Estamos condenados a sermos livres (Sartre). Nesta assertiva do filósofo existencialista, salta aos olhos as palavras condenação e liberdade.
Não há contradição; a responsabilidade, aqui, é mais que atributo da liberdade, é condição a que todos se sujeitam no processo contínuo de própria formação enquanto Ser no mundo.
Para os existencialistas, a existência precede a essência. Portanto, você não é, torna-se.
Não há caminhada tímida nessa formatação daquilo que se é. É voraz e insidiosa subjetivamente, não excêntrica por importar numa complexidade cultural, de pensamentos, atitudes, valores, vontades e até percepções absolutistas, como a fé.
Por isso se está condenado, tem-se liberdade na escolha de caminhos, e não dádiva, mimo, presente para desembrulhar e guardar ou deixar de lado. A recordação dessa liberdade é sempre atual, sem passado ou futuro. ‘Já o é’.
Dada a existência, um Ser passa a dialogar consigo mesmo num eterno devir. Ao contrário da fé, na existência não há salvação, mas escolhas.
Judas existiu e escolheu; acreditar que a traição seria a marca de sua responsabilidade, desde antes, é transformar perfeição em vingança, sacrificar criatura para a redenção do Criador. Transpor Deus para um plano de ação em que se saiba antecipadamente do resultado, diminui a Sua onisciência e sagrada importância.

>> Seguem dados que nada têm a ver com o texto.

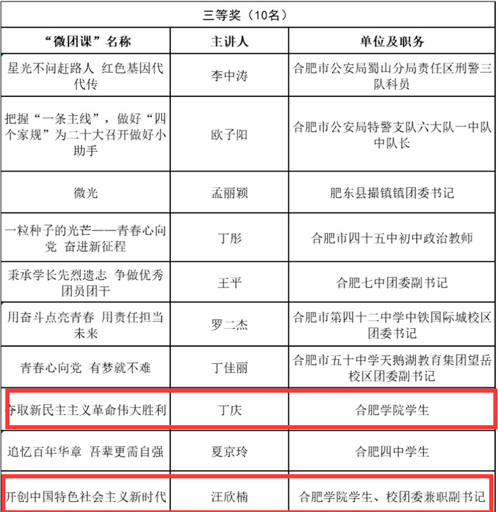 為迎接和學(xué)習(xí)宣傳貫徹黨的二十大,慶祝中國共產(chǎn)主義青年團成立100周年,激勵廣大團員青年砥礪前行、展示青春風(fēng)采,共青團合肥市委圍繞“喜迎二十大 永遠(yuǎn)跟黨走 奮進新征程”主題,組織開展了優(yōu)秀微團課評選活動。近日,評選結(jié)果公布,我校2件學(xué)生作品榮獲三等獎。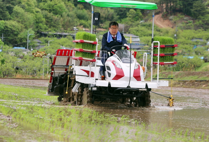 첫 모내기를 실시한 ‘골든퀸 2호’는 중조생종 중간찰벼 기능성 품종으로 단백질 함량이 적은 저아밀로스 쌀로서 밥을 지을 때 은은한 팝콘향이 나는 특징이 있다.

O existencialista, na sua maioria, é ateu, o oposto dos teístas, o que não quer dizer que desacreditam em princípios ou mesmo num Princípio necessário e regulador.
Foquemos não na fé, na religião, mas na existência caminhando para a essência. Na obra final, o que teremos? Um Ser que ‘é’, e ‘é’ por exercitar livremente o próprio arbítrio.
Assim, condenado ou absolvido por fatos e valores impregnados na sua consciência, se fez merecedor do produto final da própria condição, a liberdade.
Crer poder voar como os pássaros não o faz ter asas, mas pensamento e vontade. Voe sem asas, entregando o pensamento à liberdade. Isto é possível e somente você é capaz de se dá.
Na poesia musicada de Raul: Nascer horrendo, triste, cego e louco/Sem mãe, sem pai, sem fé, sem nada/Um pouco de lama, abandonado no caminho/Sem ter de meu, um gesto de carinho/.../Nascer assim, até aguento/Desde que eu possa/Nascer livre/Nascer livre/.../Viver desconhecido, iludido, desprezado/Beber do ódio, amargo vinho/Viver sem uma amor, viver sozinho/.../Viver assim, até aguento/Desde que eu possa/Viver livre/Viver livre...
A liberdade ainda é um conceito para muitos. Se tornar sentimento, os grilhões serão inúteis.
É por aí...
Gonçalo Antunes de Barros Neto é Juiz de Direito, poeta, formado em Filosofia (UFMT). (antunesdebarros@hotmail.com).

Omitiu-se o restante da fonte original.